Essa diferença nunca mudou.
Meu pai ama ir à igreja, mas não é só pela fé. Ele vai para mostrar aos outros o quanto sabe de oratória, o quanto entende, e como consegue se destacar, falando mais alto que todo mundo. Como se estivesse em um ranking superior na escada que leva aos céus.
Eu, nos meus quase 40 anos, percebi que, embora goste de ser ouvida, prefiro que isso aconteça de maneira mais discreta. Comecei a fazer aulas de teatro porque, assim, posso me esconder por trás de personagens. Posso aparecer, mas sem que ninguém saiba o que realmente se passa dentro de mim.
Eu falo inglês, francês e italiano. Mas não sinto necessidade de me exibir falando essas línguas. Se surgir a oportunidade de ajudar alguém, sem dúvida, vou usar meu conhecimento. Mas não para me mostrar.
Gosto de aprender para mim. Para minha diversão e conexão interna com o mundo.
Meu pai sempre quis casas grandes, carros caros, viagens para tirar fotos – uma vitrine de Instagram, só que no mundo analógico. E eu, por outro lado, sempre preferi acumular conhecimento. Estudar, ler, construir argumentos fortes. Mas sou feliz na minha solitude. Eu absorvo tudo isso para mim e não sinto necessidade de exibir.

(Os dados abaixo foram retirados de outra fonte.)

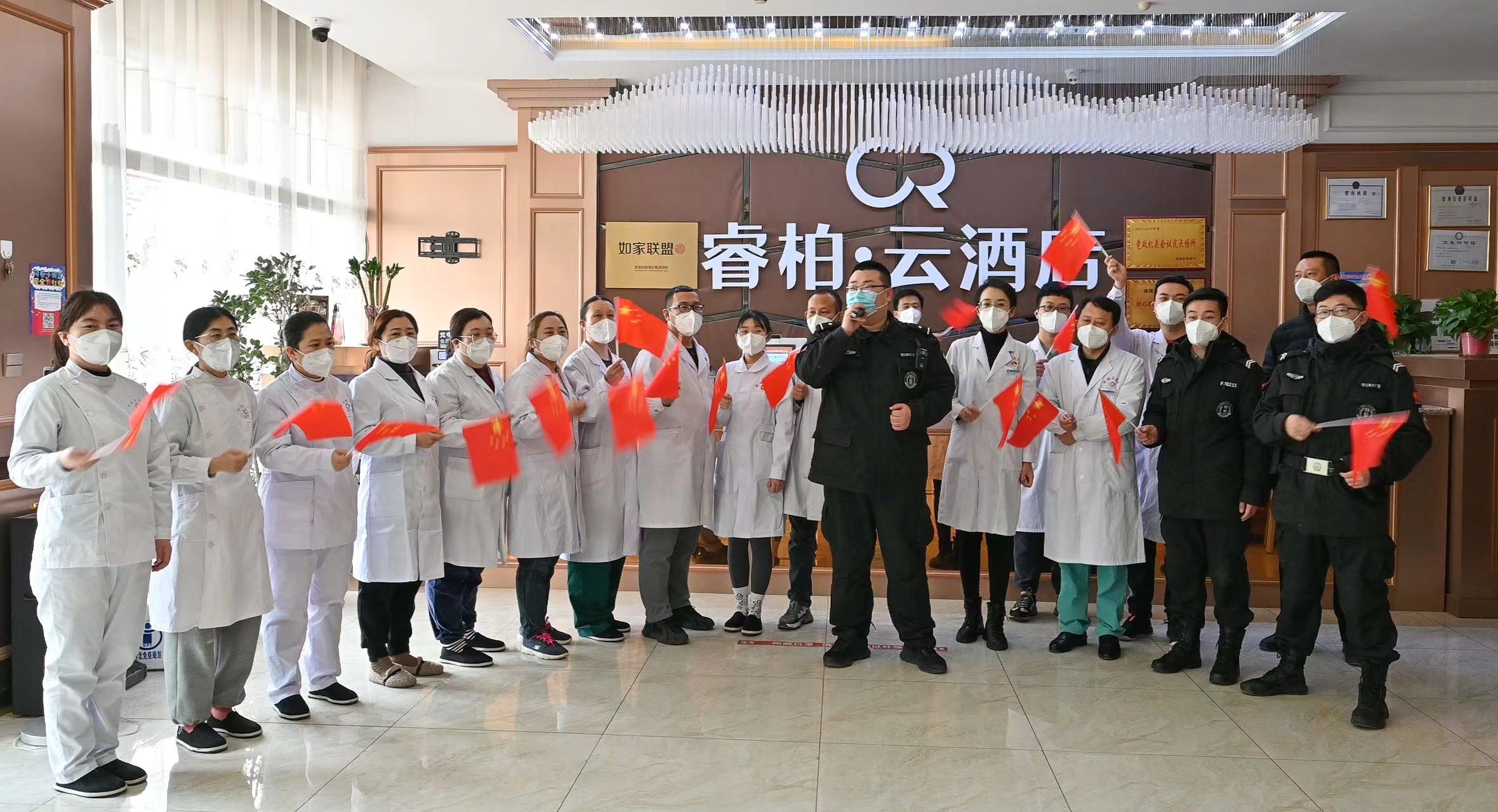 锦尚宾馆隔离点拓展思路丰富精神文化生活。通过观察隔离人员的食物消耗程度和思想情绪波动,对隔离人员的心理状况进行有效判断,针对有高血压、高血糖等慢性病的隔离人员,工作人员每天为他们量血压,测血糖2次,有病情变化的及时上报医师,及时为患病人群送药品,共计30余次。同时,自购图书玩具60余件,分5批次、分年龄阶段分发给8名小朋友,让他们在隔离生活里增添了乐趣。电话联系老年人35次,了解其心理状况、生活情况以及其他需求,教老年人使用智能机,消除他们烦躁情绪;积极与文化馆沟通,为隔离人员带去丰富多彩的文艺演出1次,隔离人员倍感温暖,一扫疫情带来的阴霾。

Eu me divirto sozinha, sem precisar mostrar o que sei para os outros. Ele, por outro lado, não entende o valor de ter conhecimento sem querer exibi-lo. Para ele, conquistas não valem de nada se não puderem ser mostradas. Ele até reclama do meu trabalho, dizendo que com todo o meu conhecimento eu poderia ter um cargo melhor, um trabalho mais prestigiado e remunerado.
Mas a verdade é que eu sou feliz com o que faço. Não preciso de um trabalho que me sobrecarregue. Assim, tenho tempo para estudar, ler e absorver coisas que só eu entendo e aproveito, do meu jeito, no meu tempo.
Ele é externo; eu sou interna. Ele precisa mostrar suas conquistas. Eu preciso guardá-las como tesouros.